The ability to accurately estimate the energy saving of CVR versus its cost, and to evaluate control strategies for implementing CVR, depend upon having load models that reflect the real-world, voltage dependency of the aggregate load [
3]. Developing such models requires field experiments involving changing the voltage magnitude and measuring the change in load. When voltage control devices exist in a substation, they may be used to raise and lower the voltage in a series of experiments to measure load-voltage dependency.
When measuring the effects that voltage changes have on energy consumption, instrumentation often exists for just measuring voltage and current magnitudes, and not for accurately measuring power flows. Such instrumentation can be used to measure the change in current magnitude relative to a change in voltage magnitude, referred to here as the load-voltage dependency factor. The load-voltage dependency factor may be related to other load models, such as loads modeled as a combination of constant power, constant impedance, and constant current.
The load models that are used in power system analysis usually consist of constant impedance and constant power loads. In reality these types of loads do not behave the same with respect to voltage on the system [
4]. In this paper this load-voltage dependency is taken into account and its effect on a coordinated control algorithm is investigated.
There are two main types of control in literature, local and coordinated [
5,
6]. Local controllers include time-controlled capacitors and voltage-controlled capacitors.
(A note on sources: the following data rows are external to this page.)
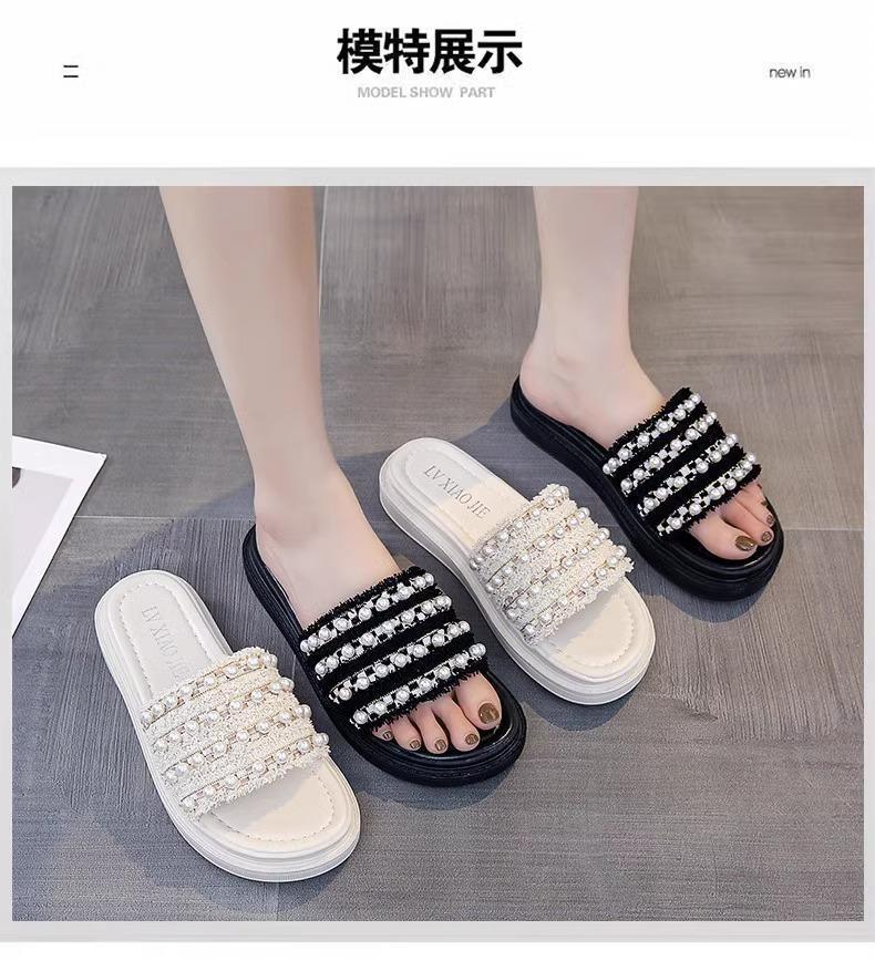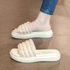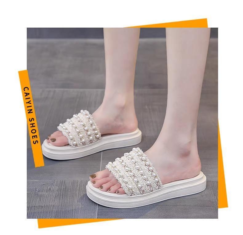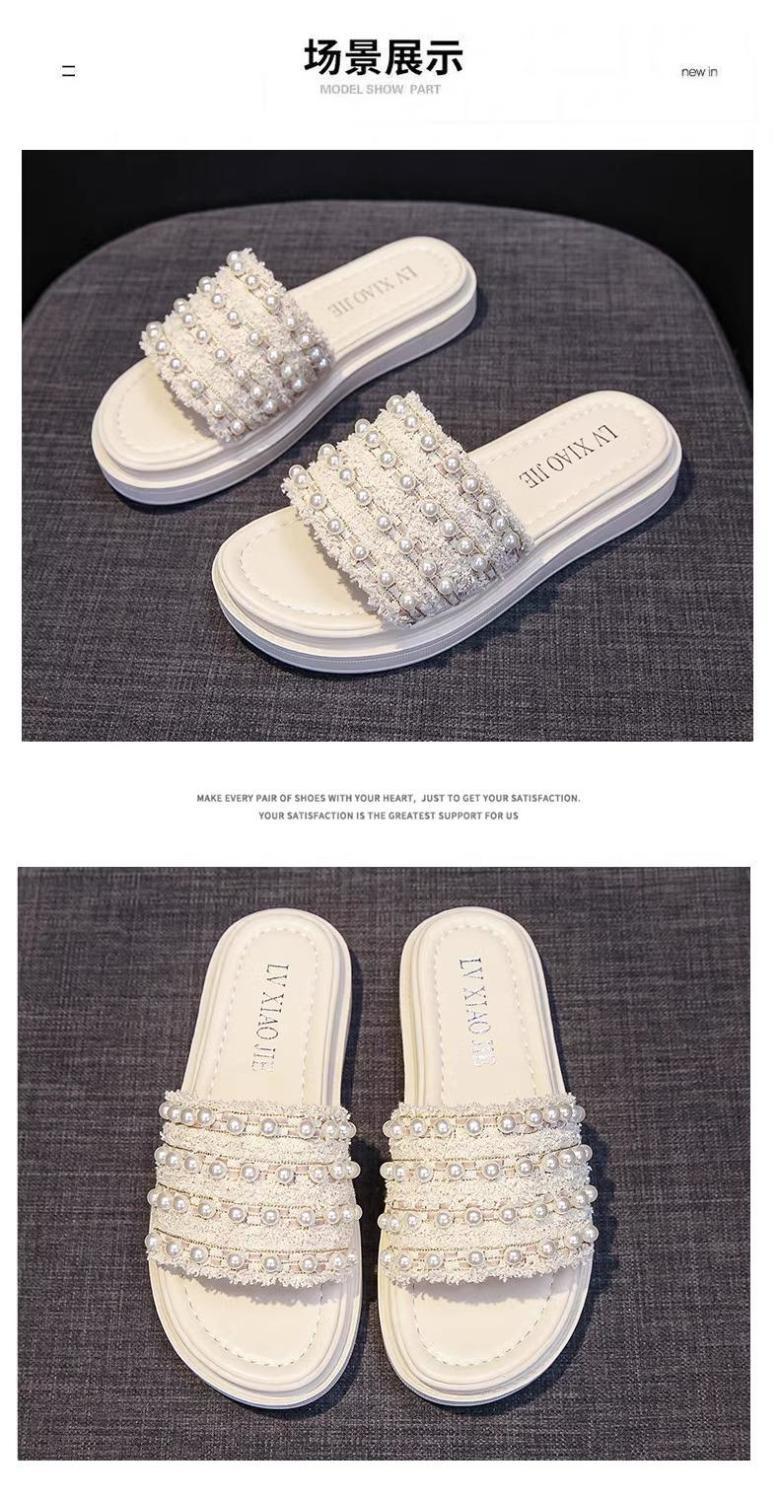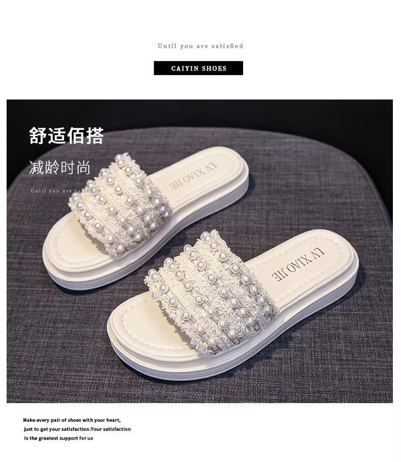 Pantuflas de Verano para Mujer para Uso Exterior 2025 de Moda Estilo Chanel Nuevas Ins Populares Sandalias Planas de Diapositiva Sandalias de Moda Elegantes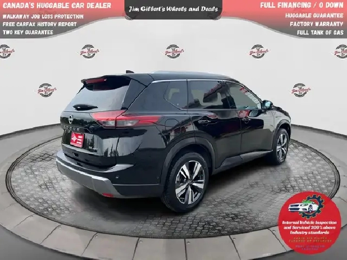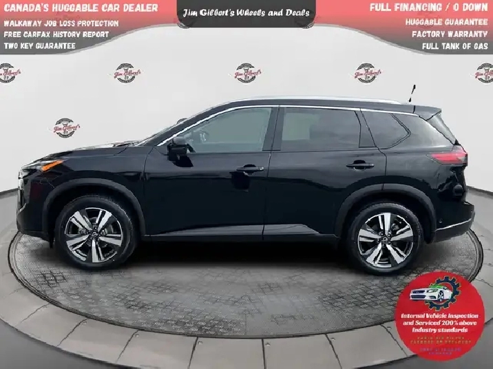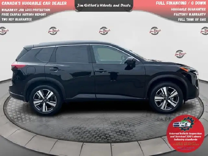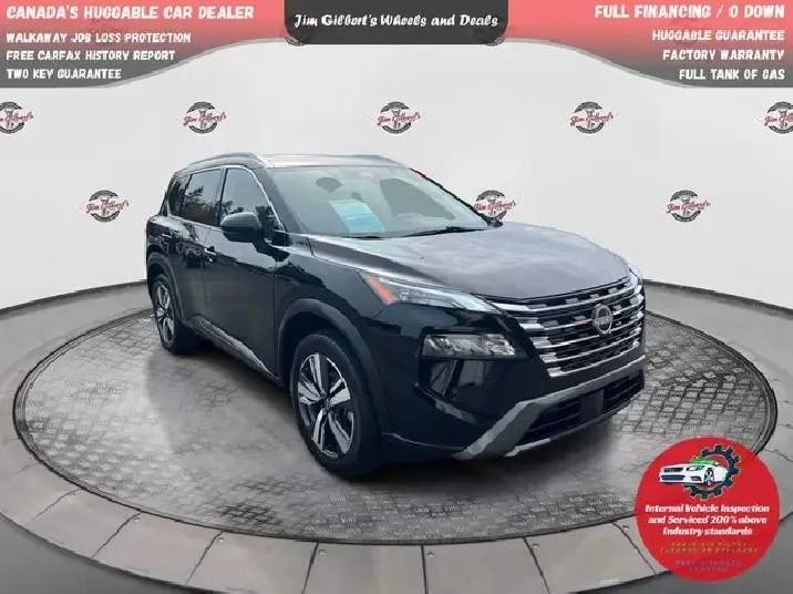 Less than $135 weekly all in, Drive it Away/0 DownFREE WINTER TIRES Ready for NB life? This Rogue SL AWD blends refined comfort with year-round confidence for riverside commutes, Costco runs, cottage trips, and stormy winter mornings — all for Less than $135/week All In, Drive it Away / $0 Down!FeaturesAWD confidence with drive-mode select; smooth, efficient turbo powerDual-panel sunroof; power liftgate; 19in. alloys; LED lightingLeather seating; heated front & rear seats; heated steering wheel; driver’s memory seatGoogle built-in infotainment on a large touchscreen; embedded navigation; wireless smartphone integration; digital dash360° Around View Monitor; front & rear park assist; remote startSafety Shield tech: blind-spot warning, rear cross-traffic alert, lane departure warning, rear automatic braking, automatic emergency braking with pedestrian detectionSmart cargo solutions; split-fold rear seat; remote keyless entry & push-button startBalance of factory warranty; certified & professionally detailedWhy Buy from Jim Gilbert’s Wheels & DealsFull Tank of Gas on deliveryBalance of Factory Warranty for extra peace of mindHuggable Guarantee — friendly, transparent, neighborlyComprehensive Inspection (200% above industry standards)CarFax Report includedTwo Key GuaranteeSpin-to-Win Gas PromoBest-in-class reconditioning; Nitrogen tire program; Guaranteed MVI; Professionally detailedLifestyle Fit (Fredericton / NB)From slushy spring thaws on the Westmorland to snowy night drives up to Crabbe Mountain, Rogue’s AWD, heated everything, and big-screen nav make NB travel easy. Quiet, comfy highway manners for Saint John and Moncton trips; compact-SUV agility for Downtown Fredericton parking.Call to ActionBook your test drive today and experience our Hug Guarantee. On-site financing, fast approvals, and fair trade values — see why we’re Canada’s Huggable Car Dealer!Less than $135/week in Fredericton on a certified 2024 Nissan Rogue SL AWD. Hug Pillars: Full Tank, Factory Warranty, Huggable Guarantee, Two Key. Test drive today.Can be seen at Jim Gilberts, Wheels and Deals, Fredericton or Call 506-459-6832.
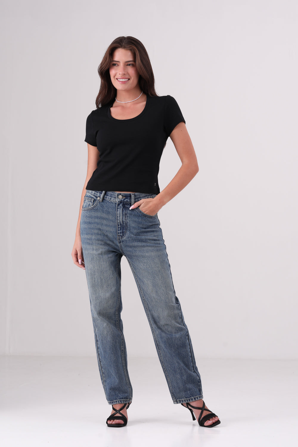 טישירט בייסיק צווארון עגול עמוק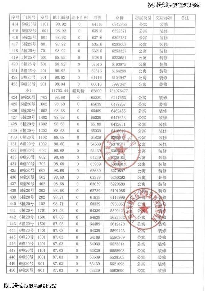 以下为项目完整一房一价表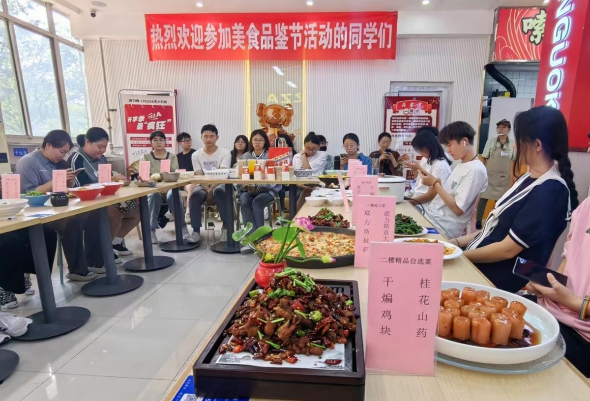 本次品鉴会共有270多位同学报名参加,食堂各窗口制作了桂花山药、干煸鸡块、蒜香排骨、芝士披萨、手工水饺等50多道中式佳肴及各类风味小吃,活动现场气氛热烈、秩序井然,各道精美菜式让乘兴而来的同学们一饱口福,纷纷点赞。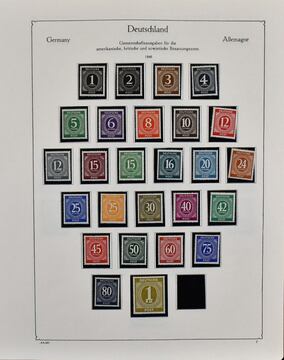 Westzonen, reichhaltige, untersch. erhaltene Slg. auf Vordrucken, dabei Frz. Zone mit Sondermarken, Bizone mit u.a. Bauten wg ungebr., Serie eg postfr., Bl. 1 postfr., Kontrollrat etc.

With technological development, decisions can be made by coordinated control where measurements and model information are used to decide optimum settings for local controllers. Local controllers for switched capacitors, voltage regulators and load tap changers use voltage set points which specify a range for control; the coordinated controller would update the voltage set-points [
7,
8].
Controllable devices include switched capacitor banks, voltage regulators, load tab changers (LTC) and distributed energy resources (DER) [
9,
10]. The set points determined by the coordinated controller will, for instance, coordinate a capacitor bank’s operation with other controllable devices on the feeder. The set points to the switched capacitor may change due to a number of conditions such as growth in loading level, reconfiguration of the feeder, and based on different type of loads and their voltage sensitivity.
In the literature a number of papers have been written to explain the effects of coordinated control on power systems. Abdel Salam, T.S. et al. [
7] describes an algorithm for optimal capacitor placement based on determining nodes whose voltages affect losses in the system the most, but load-voltage dependency factors are not considered. Authors in [
11] propose the coordinated control algorithm with two modes; efficiency and CVR, but the authors assumed a load-voltage dependency factor [
12] uses coordinated control for reduction of losses and to reduce controller motion, again without considering load-voltage dependency. In [
13] the author proposes a coordinated control algorithm to achieve better voltage and operation times of LTC and switched capacitors, but again did not consider load-voltage dependency [
14] explores a coordinated control method for load tab changer and switching capacitor to reduce the operation of both devices without considering different types of loads.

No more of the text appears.